Aim of the task: With the pictures omitted, repeat exactly the lines below starting with the line that has "FZE504ATPLF1R0P 38 40 42" and going on through the line that has "Пеленка имеет расцветку".

Record excerpts:
==============================

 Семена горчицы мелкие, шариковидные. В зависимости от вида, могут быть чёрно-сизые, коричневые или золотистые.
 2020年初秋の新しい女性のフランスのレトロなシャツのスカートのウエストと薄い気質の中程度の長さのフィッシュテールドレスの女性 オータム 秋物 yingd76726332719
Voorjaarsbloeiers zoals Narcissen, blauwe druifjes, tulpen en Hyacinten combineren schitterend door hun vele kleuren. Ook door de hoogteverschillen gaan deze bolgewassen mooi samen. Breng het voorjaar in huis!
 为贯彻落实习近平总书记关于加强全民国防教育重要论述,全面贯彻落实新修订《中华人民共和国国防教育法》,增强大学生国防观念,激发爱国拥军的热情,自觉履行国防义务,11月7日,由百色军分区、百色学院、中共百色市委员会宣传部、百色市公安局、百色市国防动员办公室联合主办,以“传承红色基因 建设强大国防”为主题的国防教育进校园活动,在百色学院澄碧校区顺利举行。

==============================

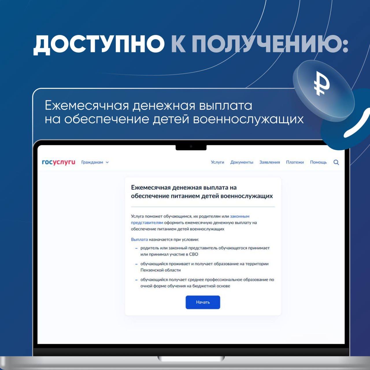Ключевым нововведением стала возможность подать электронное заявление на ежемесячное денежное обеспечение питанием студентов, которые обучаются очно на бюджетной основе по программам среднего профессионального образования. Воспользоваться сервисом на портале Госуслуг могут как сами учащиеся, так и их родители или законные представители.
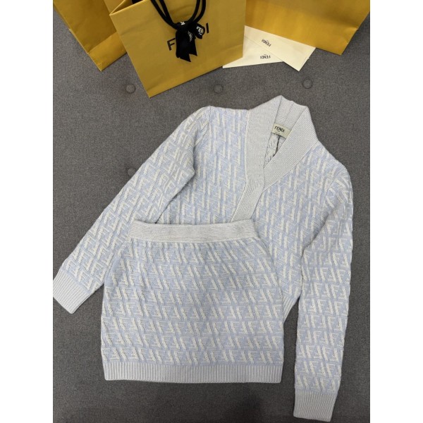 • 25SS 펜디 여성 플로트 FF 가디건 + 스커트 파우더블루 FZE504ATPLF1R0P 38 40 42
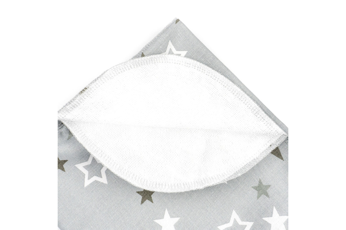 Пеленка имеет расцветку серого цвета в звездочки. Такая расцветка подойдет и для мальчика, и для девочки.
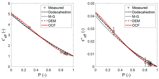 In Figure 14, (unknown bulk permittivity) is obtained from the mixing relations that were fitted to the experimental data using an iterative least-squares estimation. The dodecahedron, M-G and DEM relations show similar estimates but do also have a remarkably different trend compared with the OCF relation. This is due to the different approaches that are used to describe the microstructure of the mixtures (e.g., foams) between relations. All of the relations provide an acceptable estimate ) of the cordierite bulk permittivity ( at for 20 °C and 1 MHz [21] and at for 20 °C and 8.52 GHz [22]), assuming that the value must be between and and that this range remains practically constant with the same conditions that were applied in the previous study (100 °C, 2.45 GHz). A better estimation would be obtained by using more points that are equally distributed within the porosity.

==============================

Task solution:
 • 25SS 펜디 여성 플로트 FF 가디건 + 스커트 파우더블루 FZE504ATPLF1R0P 38 40 42
 Пеленка имеет расцветку серого цвета в звездочки. Такая расцветка подойдет и для мальчика, и для девочки.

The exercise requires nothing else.